The Servicer's obligation to make such Monthly Advances as to any Mortgage
Loan will continue through the last Monthly Payment due prior to the payment
in full of the Mortgage Loan, or through the last Remittance Date prior to the
Remittance Date for the distribution of all Liquidation Proceeds and other
payments or recoveries (including Insurance Proceeds and Condemnation
Proceeds) with respect to the Mortgage Loan or REO Property; provided,
however, that such obligation shall cease if the Servicer determines, in its
sole reasonable opinion, that advances with respect to such Mortgage Loan are
non recoverable by the Servicer from Liquidation Proceeds, Insurance Proceeds,
Condemnation Proceeds, or otherwise with respect to a particular Mortgage
Loan.
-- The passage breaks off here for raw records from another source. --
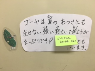 栄養教諭のF先生が、食育ルーム(1階玄関入って左)前に食べ物に関するクイズなどいろいろ掲示してくださっています。来週から始まる懇談会の前後にちょっと覗いて見てくださいね。子ども達の給食時の写真なども部屋の中に張り出す予定です。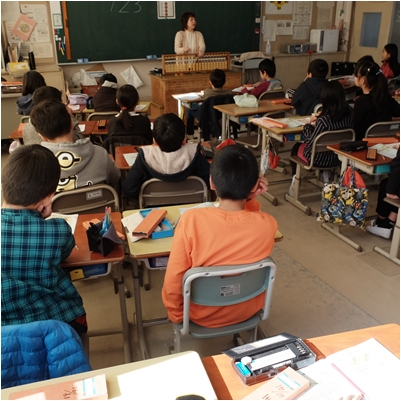 4年2組のそろばん教室の一こまです。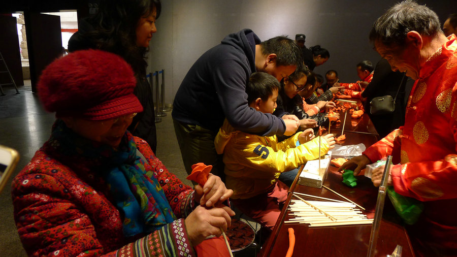 The composition "Our Holiday" made up of thousands of large dough models in festive clothing and poses, appears in the Kunming City Museum for the first time. It took eight folk artists one year to build the variety of characters and scenes for the entire work, which is up to 18 meters long. [Photo/Kunming City Museum]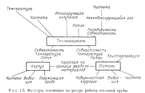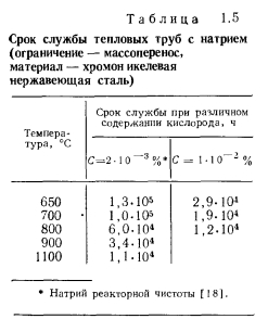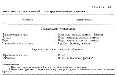 КОРРОЗИОННЫЕ ОГРАНИЧЕНИЯ ПРИ ВЫБОРЕ ТЕПЛОНОСИТЕЛЯ И КОНСТРУКЦИОННЫХ МАТЕРИАЛОВ ТЕПЛОВОЙ ТРУБЫВыбор перспективных пар твердый металл — жидкий металл. Все легкоплавкие или сравнительно легкоплавкие металлы в отношении коррозионной агрессивности в специфических условиях тепловых труб могут быть разделены на четыре группы (с учетом теплофизических и технологических характеристик). Первую группу составляют щелочные металлы: литий, натрий, калий. Они достаточно удобны в эксплуатации, имеют хорошие физические, физико-химические и теплофизические характеристики. Их коррозионная агрессивность сравнительно невелика. В применении этой группы металлов в однофазных системах накоплен большой и разносторонний опыт. Этот опыт полезен и при установлении критериев применимости жидких металлов в качестве теплоносителя тепловых труб. Ко второй группе можно отнести серебро и индий. Эти металлы в меньшей степени освоены технологически, но тем не менее они перспективны. Третью группу составят вещества, возможно, перспективные для применения в качестве теплоносителя тепловых труб, но теоретически и экспериментально исследованные совершенно недостаточно. При удачном подборе системы с конструкционным материалом и хороших технологических разработках некоторые из веществ, отнесенные в настоящее время к третьей группе, по-видимому, удастся применить в тепловых трубах. К этой группе относятся кальций, висмут, свинец, таллий, барий. Наконец, четвертую группу составят вещества с относительно невысокой температурой плавления, но для тепловых труб, по-видимому, бесперспективные. Некоторые вещества исключаются из рассмотрения, как обладающие неудачным комплексом теплофизических свойств. Это магний, сурьма, теллур, олово, кадмий. Алюминий и другие металлы исключаются из-за их склонности к образованию интерметаллических соединений с большинством конструкционных металлов; галлий и цинк исключаются, как чрезвычайно. активные растворители для многих конструкционных металлов. Коррозионные критерии пригодности теплоносителей тепловых труб. В системах твердый металл — жидкий металл часто наблюдается адсорбционное понижение прочности твердого металла под действием жидкого. Снижение поверхностной энергии твердого металла при одновременном воздействии растягивающих напряжений может привести к преждевременному его разрушению при небольших нагрузках (эффект Ребиндера). Тепловые трубы вводят в обращение много новых металлов, помимо теплоносителей, в какой-то мере уже освоенных техникой: натрий, калий, литий, ртуть. Но элемент новизны есть и в работе с перечисленными жидкими металлами, так как рабочие температуры тепловых труб значительно выше ранее освоенного интервала. Соответственно требуется применение новых, более жаропрочных конструкционных материалов, поведение которых в системах с жидкометаллическими теплоносителями еще не изучено. Высокотемпературные тепловые трубы иногда работают при внутреннем давлении пара теплоносителя, достигающем нескольких тысяч паскалей. Такое давление с учетом высоких температур создает в корпусе тепловой трубы напряжения, зачастую близкие к пределу длительной прочности (в зависимости от выбираемого материала, температуры и ресурса). В процессе пуска и остановки тепловой трубы система п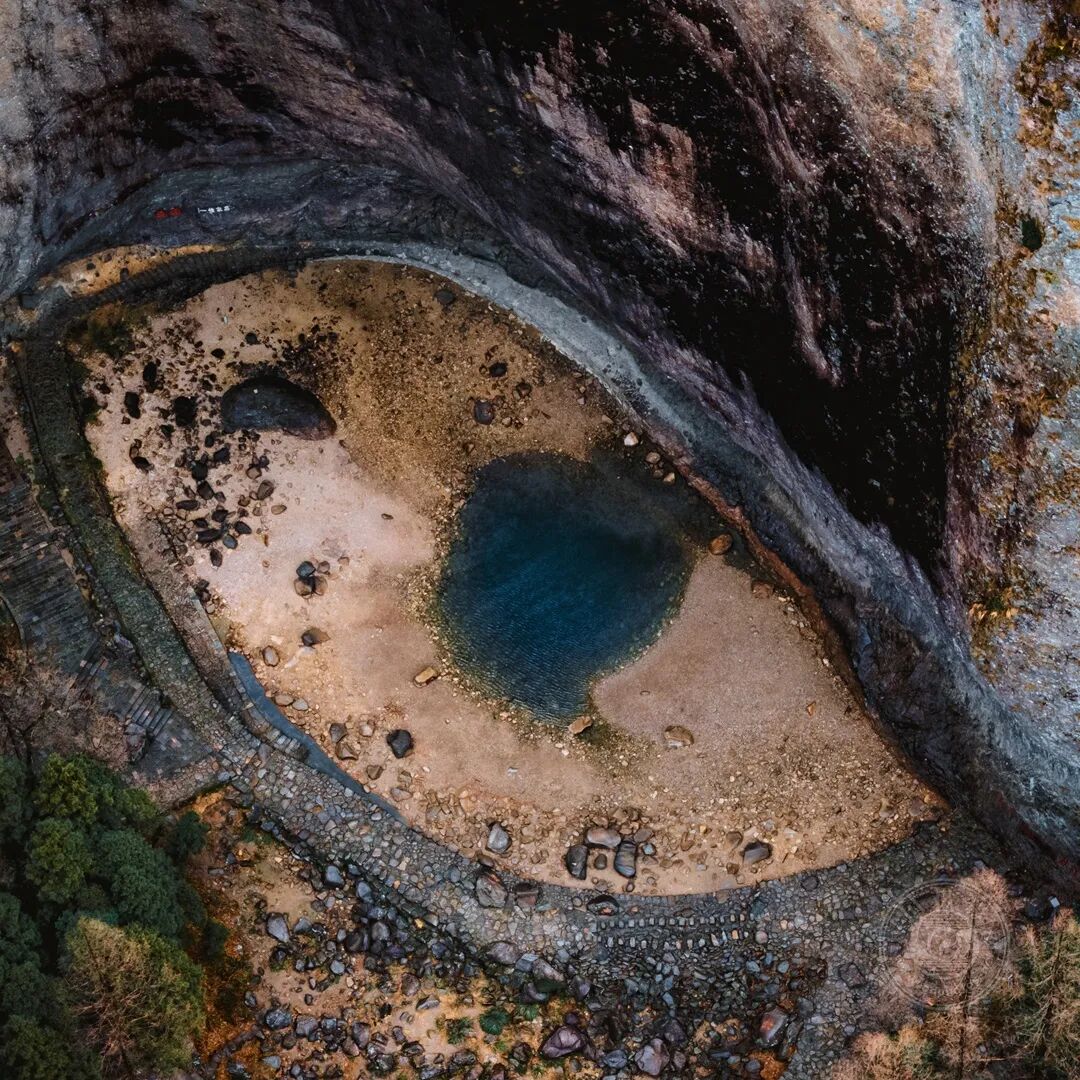 拍攝于浙江雁蕩山。高空俯瞰大龍湫干涸后的 “龍眼” 奇觀:丹霞巖壁如框,環(huán)抱著一汪幽藍(lán)潭水,恰似大山睜開的眼眸。砂石肌理與巖壁紋路在鏡頭下清晰呈現(xiàn),這是時(shí)光與水流鐫刻的大地印記,盡顯雁蕩山的自然變遷與造物之美。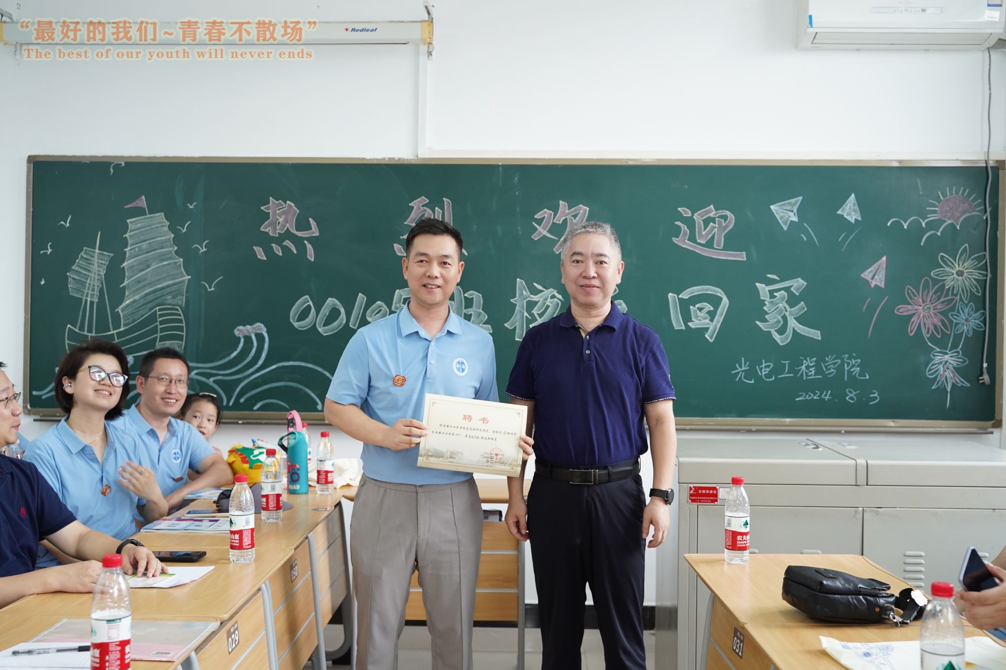 王守民为校友侯坤颁发了校友联络员证书,表彰他在联系和服务校友方面所做出的努力,并合影留念。

In the event that the Servicer determines that any such advances are non
recoverable, the Servicer shall provide the Purchaser with a certificate
signed by two officers of the Servicer evidencing such determination.
(n) Section 4.04 shall be amended by adding the words "March 15 of
each year, starting in" after the words "on or before" in the second line of
the sentence.
(o) Section 4.05 shall be amended by adding the words "March 15 of
each year, starting in" after the words "On or before" in the first line of
the sentence.
(p) Section 6.01(b) shall be amended by deleting the second sentence
in the second paragraph and replacing it with the following:
"Any such notice of removal shall be in writing and delivered to the
Servicer by registered mail prior to the effective date of removal."
(q) Section 15.04 shall be amended by changing "March 1" in the first
sentence to "March 15".
(r) Section 15.05 shall be amended by deleting the words "March 1" in
clause (a) and replacing it with "March 15".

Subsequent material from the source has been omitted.